Specific Populations
Patients with Renal Impairment
Based on population pharmacokinetic analyses, mild (60 mL/min ≤ CLcr <90 mL/min; N=590) and moderate (30 mL/min ≤ CLcr <60 mL/min; N=218) renal impairment did not alter dacomitinib pharmacokinetics, relative to the pharmacokinetics in patients with normal renal function (CLcr ≥90 mL/min; N=567). The pharmacokinetics of dacomitinib has not been adequately characterized in patients with severe renal impairment (CLcr <30 mL/min) (N=4) or studied in patients requiring hemodialysis.
Patients with Hepatic Impairment
In a dedicated hepatic impairment trial, following a single oral dose of 30 mg VIZIMPRO, dacomitinib exposure (AUCinf and Cmax) was unchanged in subjects with mild hepatic impairment (Child-Pugh A; N=8) and decreased by 15% and 20%, respectively in subjects with moderate hepatic impairment (Child-Pugh B; N=9) when compared to subjects with normal hepatic function (N=8). Based on this trial, mild and moderate hepatic impairment had no clinically important effects on pharmacokinetics of dacomitinib. In addition, based on a population pharmacokinetic analysis of 1381 patients, in which 158 patients had mild hepatic impairment (total bilirubin ≤ ULN and AST > ULN, or total bilirubin > 1 to 1.5 × ULN with any AST) and 5 patients had moderate hepatic impairment (total bilirubin > 1.5 to 3 × ULN and any AST), no effects on pharmacokinetics of dacomitinib were observed. The effect of severe hepatic impairment (total bilirubin > 3 to 10 × ULN and any AST) on dacomitinib pharmacokinetics is unknown [see Use in Specific Populations (8.7)].
Drug Interaction Studies
Clinical Studies
Effect of Acid-Reducing Agents on Dacomitinib
Coadministration of a single 45 mg dose of VIZIMPRO with multiple doses of rabeprazole (a proton pump inhibitor) decreased dacomitinib Cmax by 51% and AUC0–96h by 39% [see Dosage and Administration (2.4) and Drug Interactions (7.1)].

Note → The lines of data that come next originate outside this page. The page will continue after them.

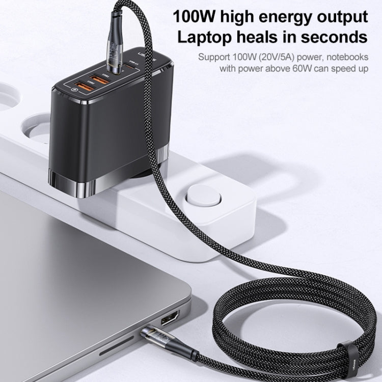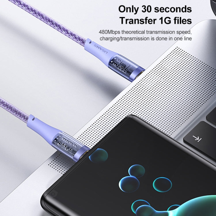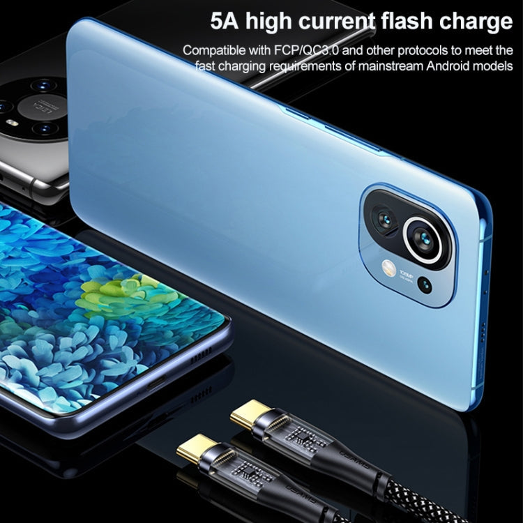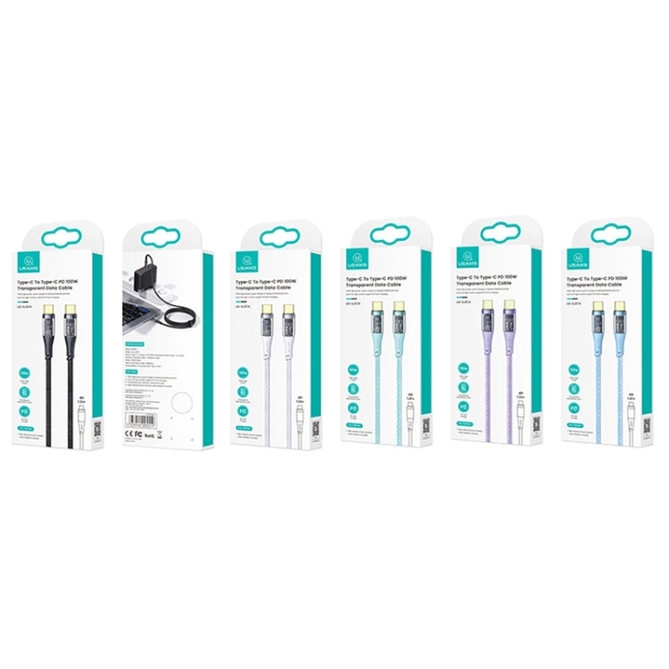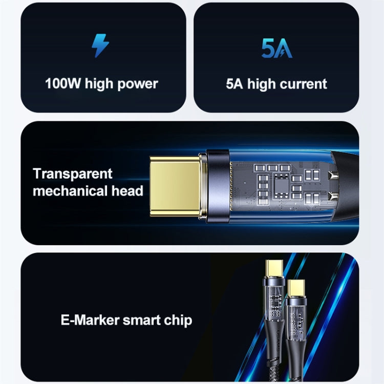 USAMS US-SJ574 Type-C / USB-C to Type-C / USB-C PD 100W Aluminum Alloy Transparent Charging Cata Cable, Length: 1.2m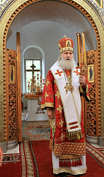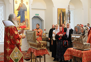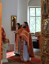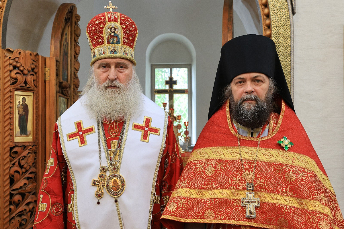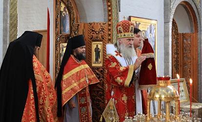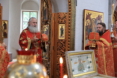Его Высокопреосвященству сослужили наместник Андреевского монастыря игумен Дионисий (Шлёнов), братия обители в священном сане.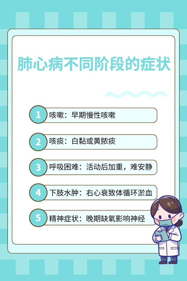 肺心病不同阶段的症状有咳嗽、咳痰、呼吸困难、下肢水肿、精神症状等。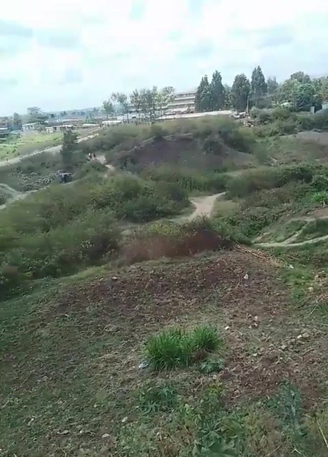 landscape with varying elevations, featuring a dirt path winding through bushy areas and dirt piles. Two people are seen walking on the path in the middle distance. In the background, there are buildings and more trees, suggesting a somewhat urban or suburban setting. A brief pan reveals a quarry. The sky is partly cloudy. The foreground consists of bare earth and sparse vegetation.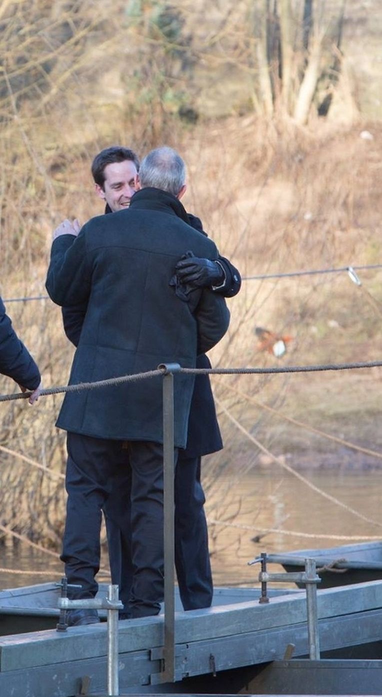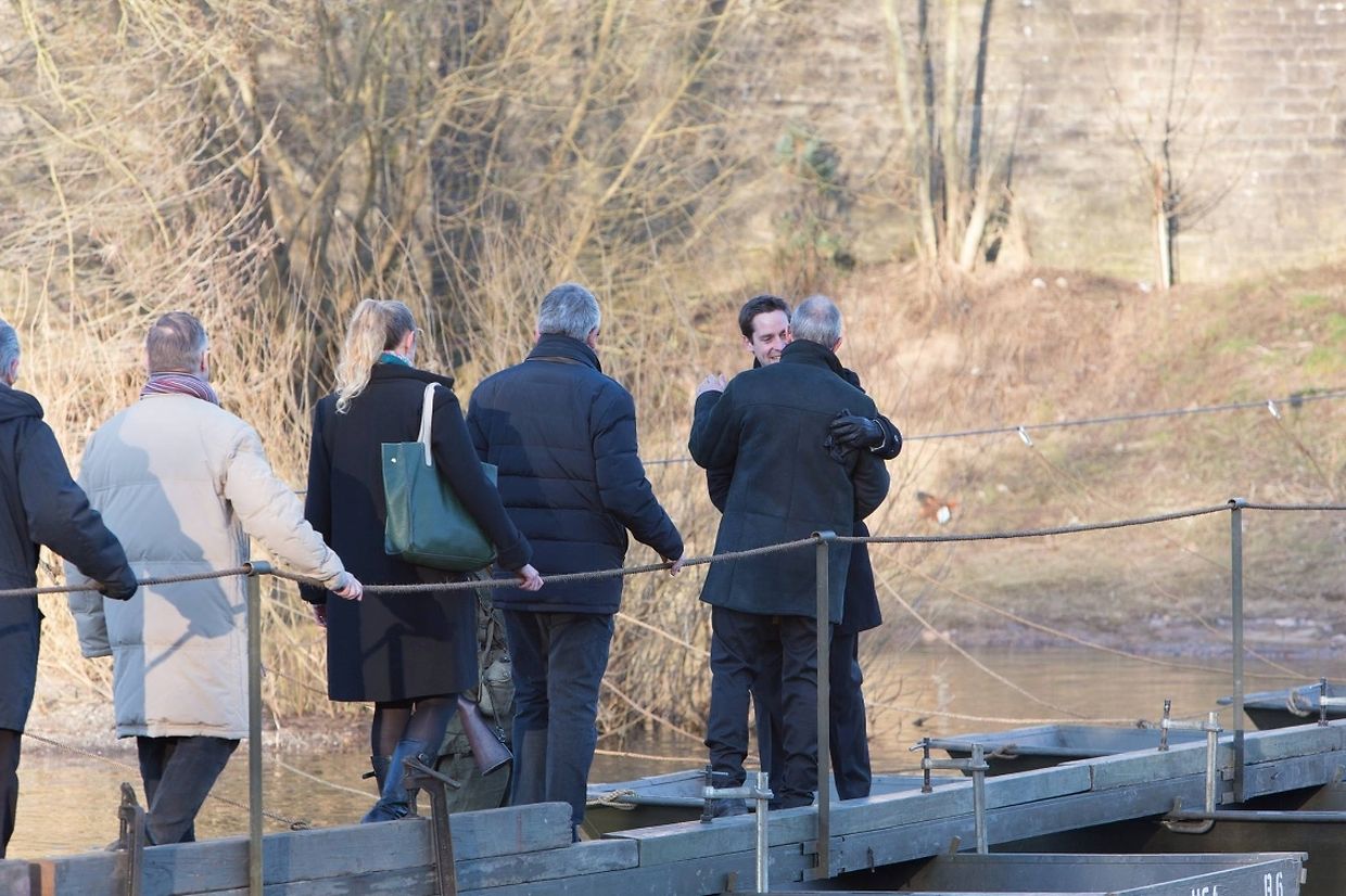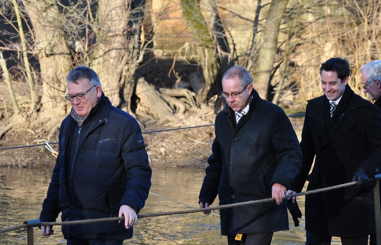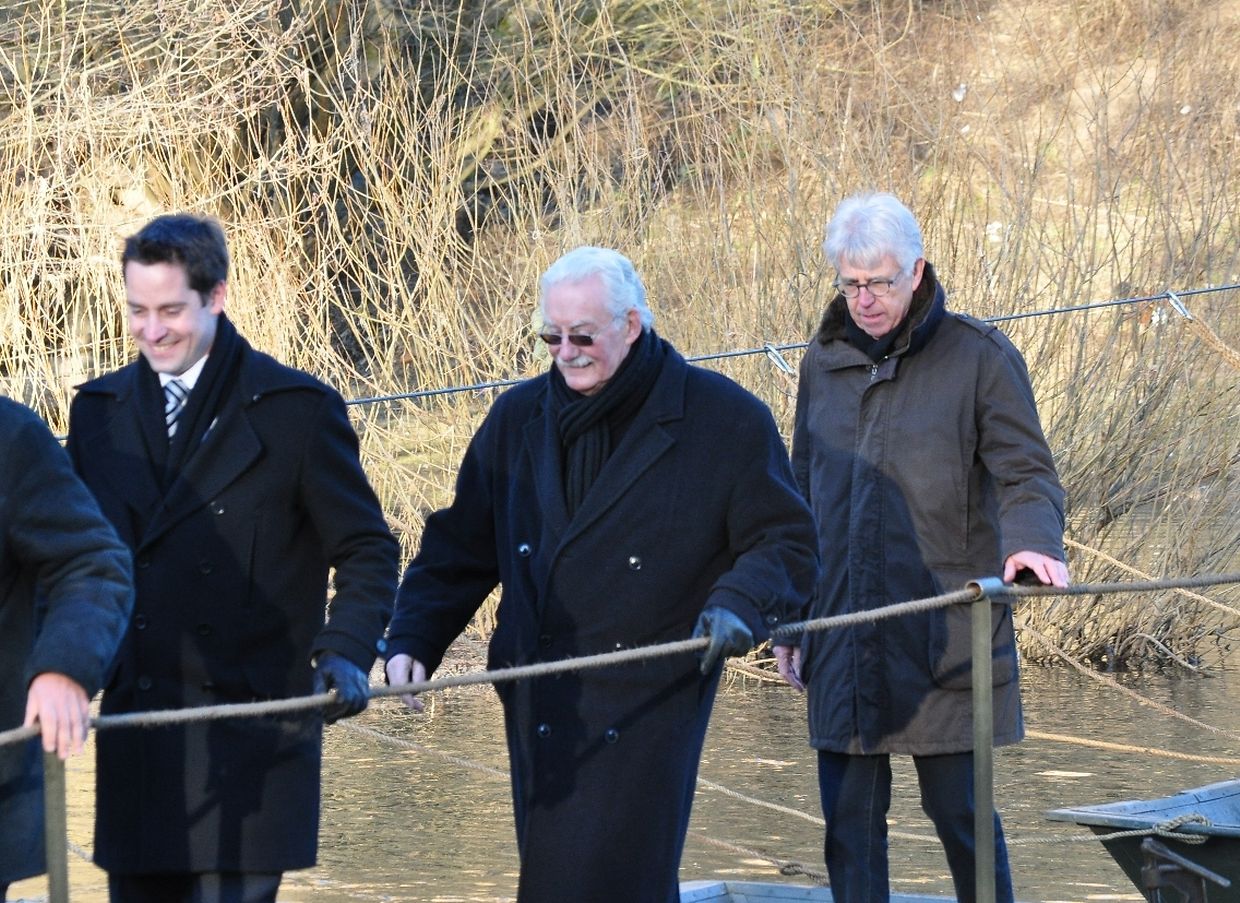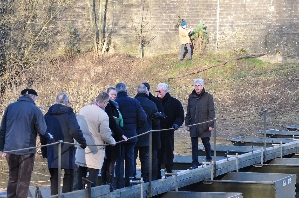 Samstag, den 7. Februar 2015 - Freundschaftlicher Händedruck zwischen den deutschen und luxemburgischen Autoritäten in der Mitte der rekonstruierten Fußgängerbrücke.

Coadministration of VIZIMPRO with a local antacid (Maalox® Maximum Strength, 400 mg/5 mL) did not cause clinically relevant changes dacomitinib concentrations [see Dosage and Administration (2.4) and Drug Interactions (7.1)].
The effect of H2 receptor antagonists on dacomitinib pharmacokinetics has not been studied [see Dosage and Administration (2.4) and Drug Interactions (7.1)].
Effect of Strong CYP2D6 Inhibitors on Dacomitinib
Coadministration of a single 45 mg dose of VIZIMPRO with multiple doses of paroxetine (a strong CYP2D6 inhibitor) in healthy subjects increased the total AUClast of dacomitinib plus its active metabolite (O-desmethyl dacomitinib) in plasma by approximately 6%, which is not considered clinically relevant.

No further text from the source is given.